Amazing! Replacing a tiny bit of code that seems not optimizable has a significant effect.
If you wish to run these tests yourself, you will find all the necessary steps in the github actions [here](https://github.com/szabolcsdombi/optimization-demo/actions/runs/5423258436/jobs/9860949567).
## No-Goals of this Article
- This article does not address maintainability or any other burden introduced with replacing simple Python code with cumbersome low level C code.
- We are not interested in micro-optimization, using SSE or hardware implemented hashing.
- Not interested in multi-threaded approaches, concurrency.
- Not interested in implementing it in Rust or any other language not supported out of the box for Python Extensions.
## Fun Fact
We can implement a magic function that may also work.
```py
def magic_accept(key: str) -> str:
return 's3pPLMBiTxaQ9kYGzzhZRbK+xOo='
```
Silly, but indeed it passes the test.
```
--------------------------------------------------------------------------------------------------------
Name (time in ns) Mean StdDev Median OPS (Mops/s)
--------------------------------------------------------------------------------------------------------
test_magic_code 70.7236 (1.0) 0.0584 (1.0) 70.7438 (1.0) 14.1396 (1.0)
test_optimized_code 210.7457 (2.98) 0.2183 (3.74) 210.7261 (2.98) 4.7451 (0.34)
test_python_code 912.7083 (12.91) 5.5000 (94.24) 912.7722 (12.90) 1.0956 (0.08)
-------------------------------------------------------------------------------------------------------
```
The dissambled version seems to be simple too.
```py
>>> dis.dis(magic_accept)
1 0 RESUME 0
2 2 LOAD_CONST 1 ('s3pPLMBiTxaQ9kYGzzhZRbK+xOo=')
4 RETURN_VALUE
```
So, how this new method compares to our existing ones that do real work?
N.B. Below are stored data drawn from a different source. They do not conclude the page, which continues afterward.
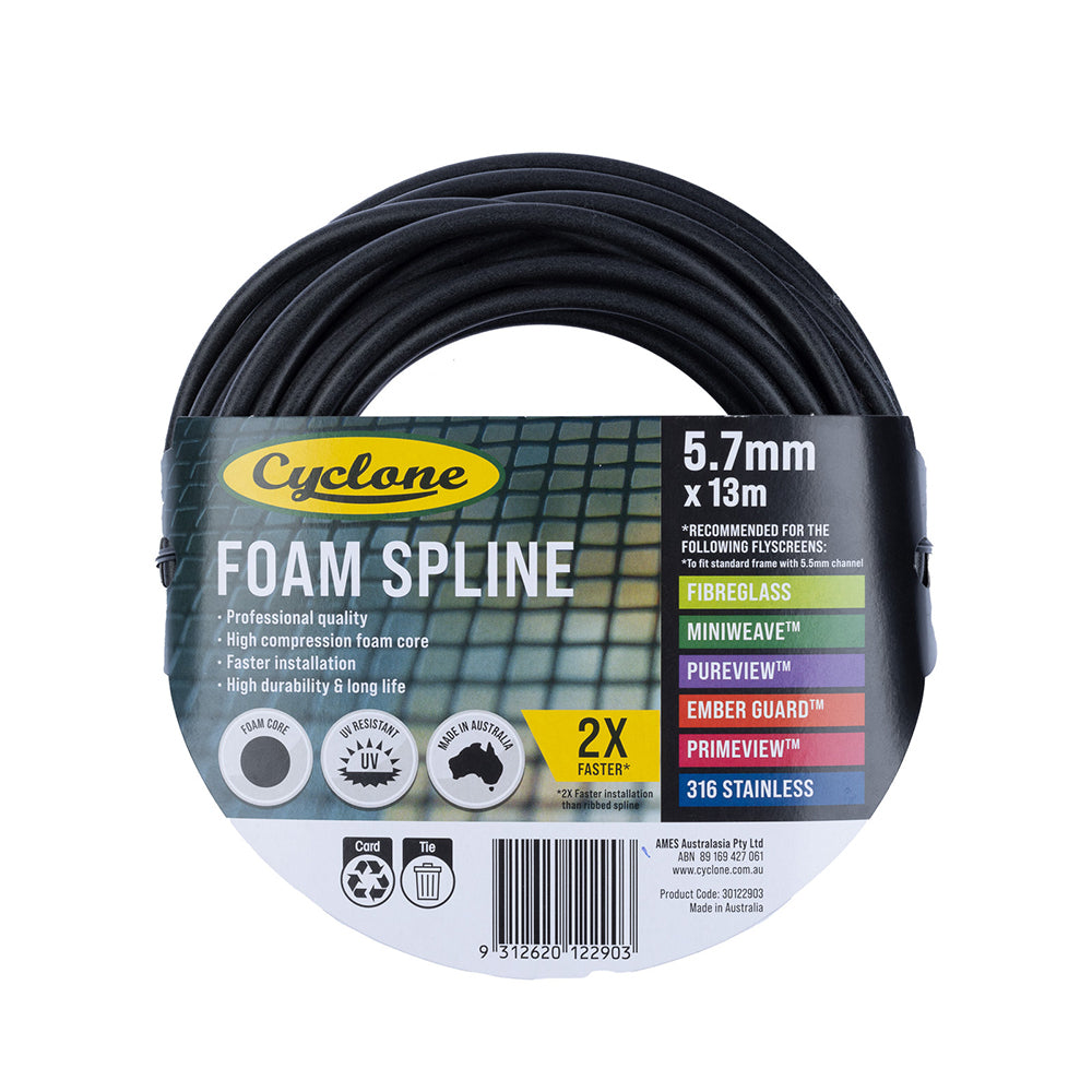 Cyclone Pro Foam Spline 5.7mm x 13m For Fly Fly Screen Frame
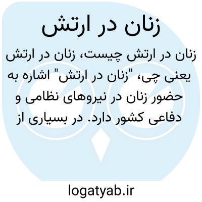 "زنان در ارتش" اشاره به حضور زنان در نیروهای نظامی و دفاعی کشور دارد. در بسیاری از کشورها، زنان به عنوان سرباز، افسر، پزشک نظامی و در سایر نقشها فعالیت میکنند و سهم قابل توجهی در ارتقاء توان دفاعی و امنیتی دارند. ورود زنان به ارتش نشاندهنده تغییر نگرشها نسبت به نقش جنسیتی و توانمندیهای آنان است.
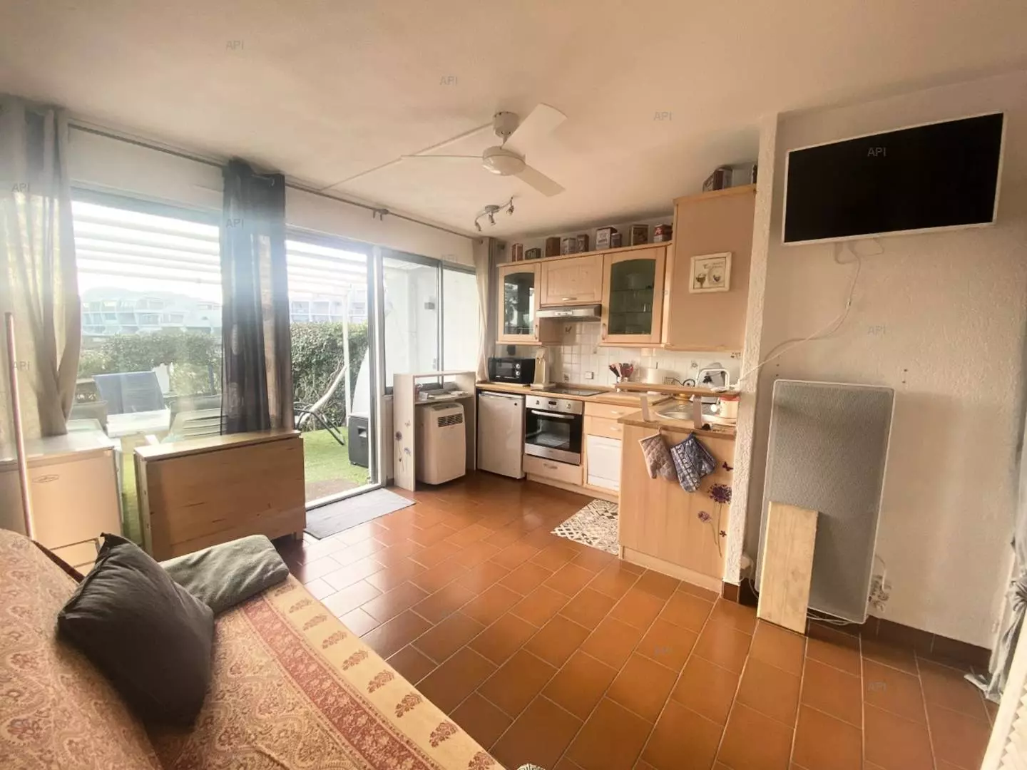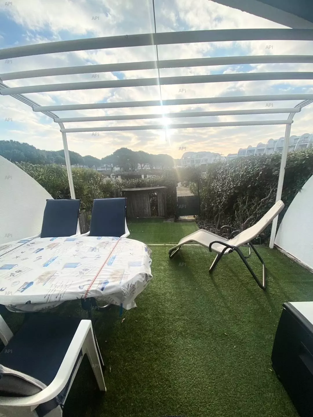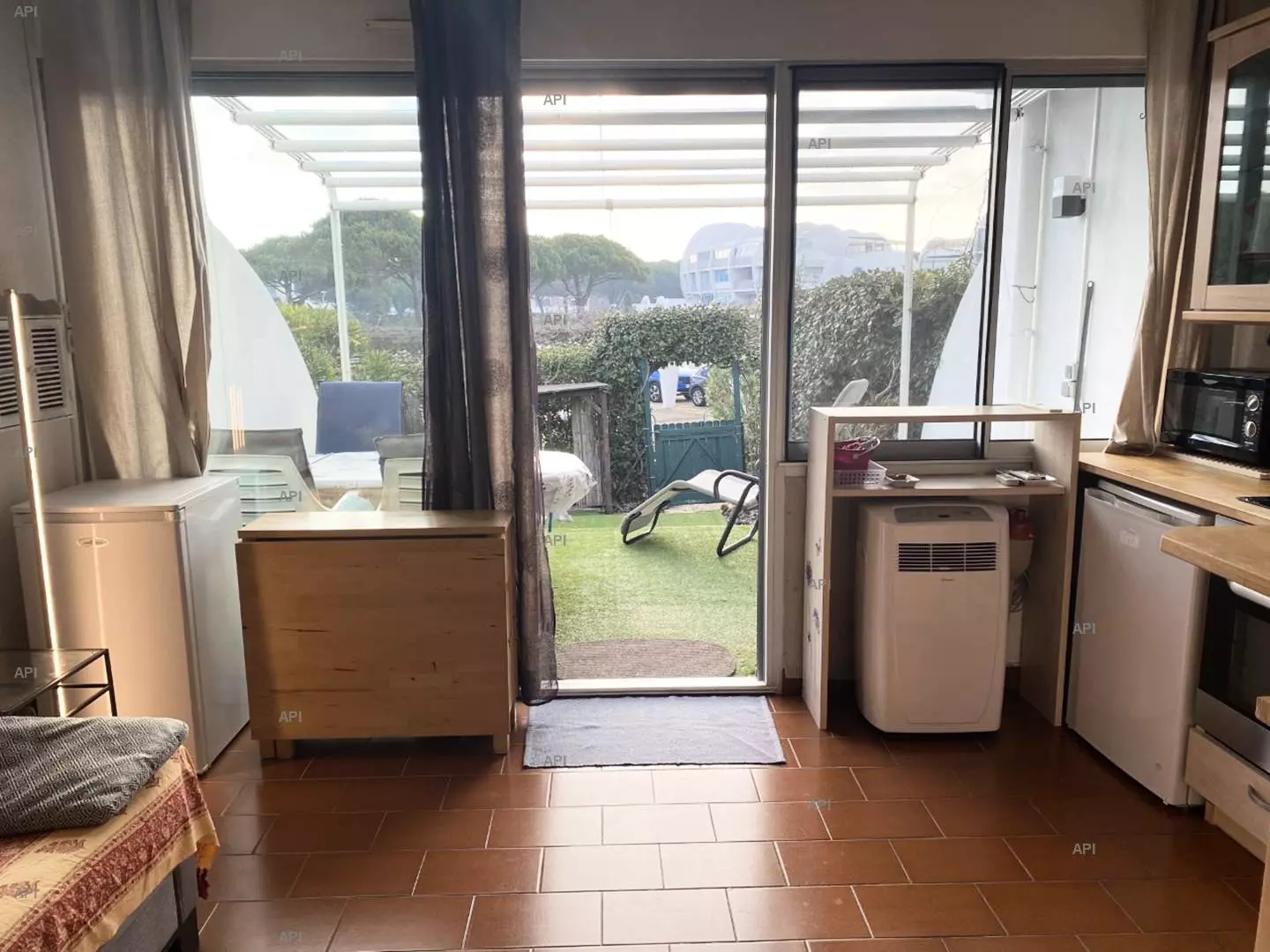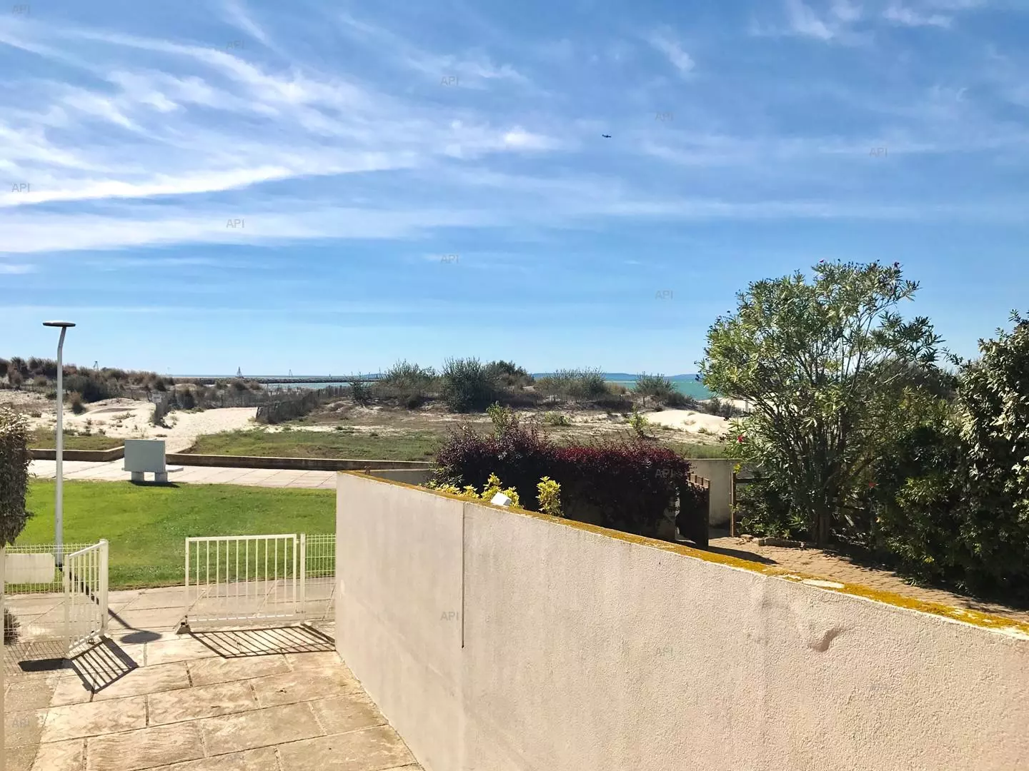 PORT CAMARGUE - SOUTH BEACH - Direct access to the beach. Luxury residence Studio cabin of 25 m² on the ground floor. Composed of an air-conditioned living room (Mobile air conditioning) with a 140 cm sofa bed, a TV and Wi-Fi, opening onto a terrace with its furniture and a small garden, a fully equipped kitchen (Microwave, oven, dishwasher, top fridge, hob), a cabin at the entrance with 2 single beds 90 cm, a bathroom with washing machine and a separate toilet. Secure shared parking. Close to shopping center, restaurants, nautical activities and public transport. Furnished and equipped for 4 people. Pets are not allowed.

Supprising as it may sound but our C++ implementation is just 2.98x slower.
(From measurements and interpretations we are now entering a realm of guessings).
This could be because of the overhead introduced by calling functions, the interpreter parsing bytecode or our mearuring tools used.
At 14m calls per second on a single core this is inevitable.
## Edit
Previously the best result was 3M keys per second. Actually 4.8M keys per second is possible on an average computer.
The [github actions](https://github.com/szabolcsdombi/optimization-demo/actions) still produce the original results.
There is an [extension](https://github.com/szabolcsdombi/optimization-demo-rust) to this article.
## Summary
By implementing a simple task in C++ instead of Python, where the underlying function calls are already implemented in C++, we still can get a significant boost.